Starbucks is an example of a corporation that uses the value chain to boost its international sales presence. Starbucks operates in over 60 countries, yet each cafe has the same well-known appeal. Starbucks uses the value chain to identify its most and least costly activities, then uses this information to make changes, create more value for the customer, and create more profit for the business. 

But even small businesses can identify the activities that make up their value chains so they can focus on more affordable practices—and bigger profits.

  • Alternate name: Value system

How a Value Chain Works

A value chain details the activities, workers, and suppliers that take a product or service from concept to distribution. The chain is made up of primary and secondary activities that affect a product’s value to both the customer and the company. 

Primary activities directly contribute to a product’s creation, including:

  • Inbound logistics: Gathering and storing inventory and market data
  • Operations: Creating finished products from raw materials
  • Outbound logistics: Distributing products to clients
  • Marketing and sales: Promoting and advertising products to potential consumers
  • After-sales services: Training customer service representatives to support clients with installations, returns, etc.

Secondary activities support the primary actions to create a product, and they include infrastructure, team management, technology development, and material procurement. These supporting activities are crucial to the success of the primary activities; for example, without product design and market research, a company could not successfully market and sell a product.

Identifying a value chain is essential for understanding your business’s profit margin and operating margin so you can ensure the least input leads to the highest output. Detailing the value chain helps you easily see where an expensive part of the process could lead to decreased margins and take steps to lower expenses.

Let’s review the Starbucks value chain to see how it helps encourage stable growth. Starbucks’ value chain is relatively straightforward, so a small business could use it as a model. A Harvard Business School case study identified the primary activities behind the coffee chain, including: 

  • Inbound logistics: Building close relationships with coffee-bean suppliers from around the world and obtaining the best prices.
  • Operations: Operating more than 30,000 stores in 83 countries.
  • Outbound logistics: Selling products in stores and through licensed dealers using point-of-sale systems, the Starbucks mobile app, and Starbucks cards.
  • Marketing and sales: Focusing heavily on the “Starbucks experience” to create loyal consumers.
  • After-sales service: Training team members on customer service and creating recognizable, clean cafes.

Secondary activities that support Starbucks’ annual revenue creation, which topped $23 billion in 2020, include employee benefits, well-designed cafes, and an easy-to-use mobile app.

Types of Value Chains

Your business’s manufacturing and distribution process may fall into one of two distinct types of value chains: a typical value chain or a global value chain.

A typical value chain records the business activities and players within a single geographic location or firm. For example, a small business that operates solely in one state would use a typical value chain, as might a larger company that operates within a single country. 

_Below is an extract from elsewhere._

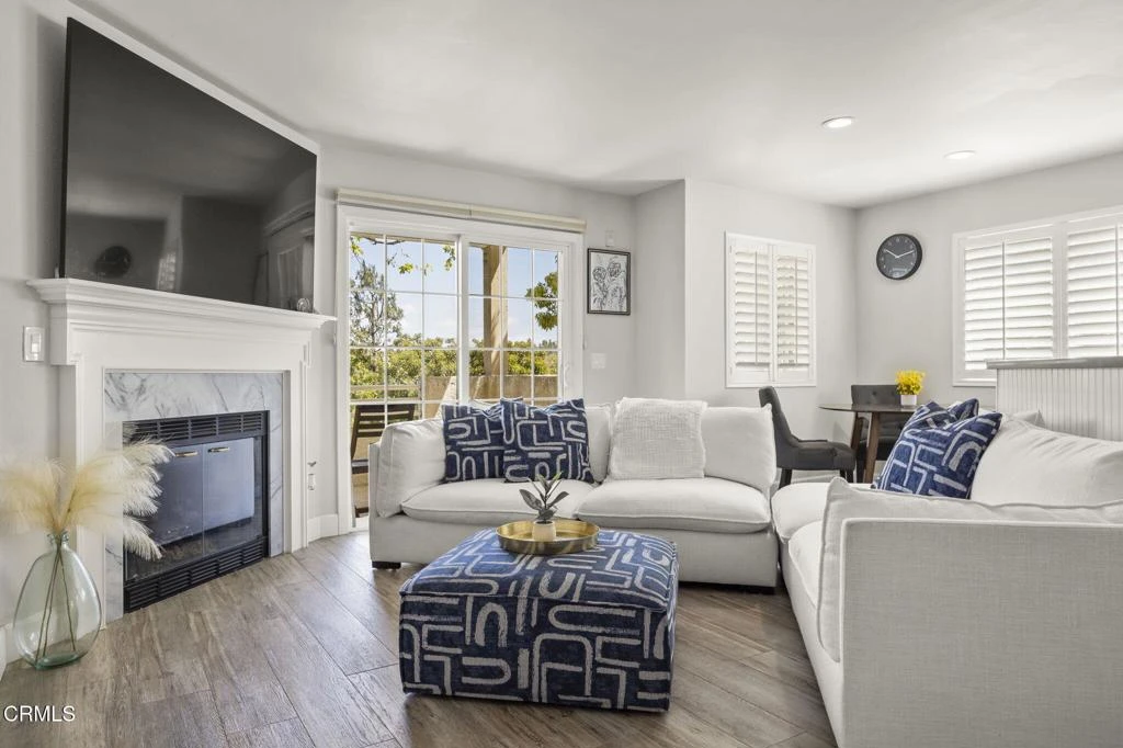 Easy-Access, Remodeled End Unit with Mountain Views in Camarillo!Convenience meets comfort in this beautifully remodeled lower-level end unit, perfectly situated in a 3 story building and only steps from your covered parking to your front door. Enjoy the benefits of a prime location with minimal effort and maximum accessibility.This light-filled 1 bedroom, 1 bath condo offers a thoughtfully designed living space with serene mountain and tree views. Inside, you'll find stylish wood plank tile flooring, smooth ceilings with recessed lighting, and newer dual-pane Pella windows accented with plantation shutters.The light and bright living room is adorned by a tasteful marble fireplace, creating a cozy yet elegant focal point. Just off the living area and breakfast nook, a quaint private balcony invites you to relax and enjoy the fresh air, perfect for morning coffee or winding down at sunset.The bright white kitchen is a showstopper, featuring soft-close cabinets and drawers, a functional kitchen island with generous storage, a neutral quartz countertop, and both a pantry and linen closet for optimal organization.The spacious primary bedroom is a relaxing retreat with a custom closet to keep everything tidy. The updated bathroom features a quartz vanity and charming wainscoting, giving the space a fresh, finished look.Just steps from the front door, you'll find a convenient private laundry room and two assigned covered parking spots, making day-to-day living simple and stress-free.Located in the desirable Vista Camarillo community, you'll enjoy resort-style amenities including a pool, spa, tennis and basketball courts, clubhouse, and a playground. HOA covers water, trash and insurance for added peace of mind.This home is ideally located near the Camarillo Premium Outlets, Camarillo Grove Park, and convenient freeway access for commuting. It's also just a short drive to California State University Channel Islands and Ventura College, making it a great option for those connected to higher education or simply seeking an active connected lifestyle.Don't miss this turn-key opportunity to live in a beautifully updated, easily accessibile condo in one of Camarillo's most scenic settings!!

Duke University describes a global value chain as the activities and critical players spread across different firms and countries. As described above, Starbucks is an example of a global value chain, since it sources coffee beans from various countries and ships supplies to Starbucks locations around the world.

Key Takeaways

  • A value chain documents the activities and business players involved in taking a product or service from concept to distribution. 
  • Value chains include primary activities involved in creating products and secondary activities that support that creation. 
  • Understanding your value chain allows you to consider your profit margins and figure out how to create more value with lower expenditures.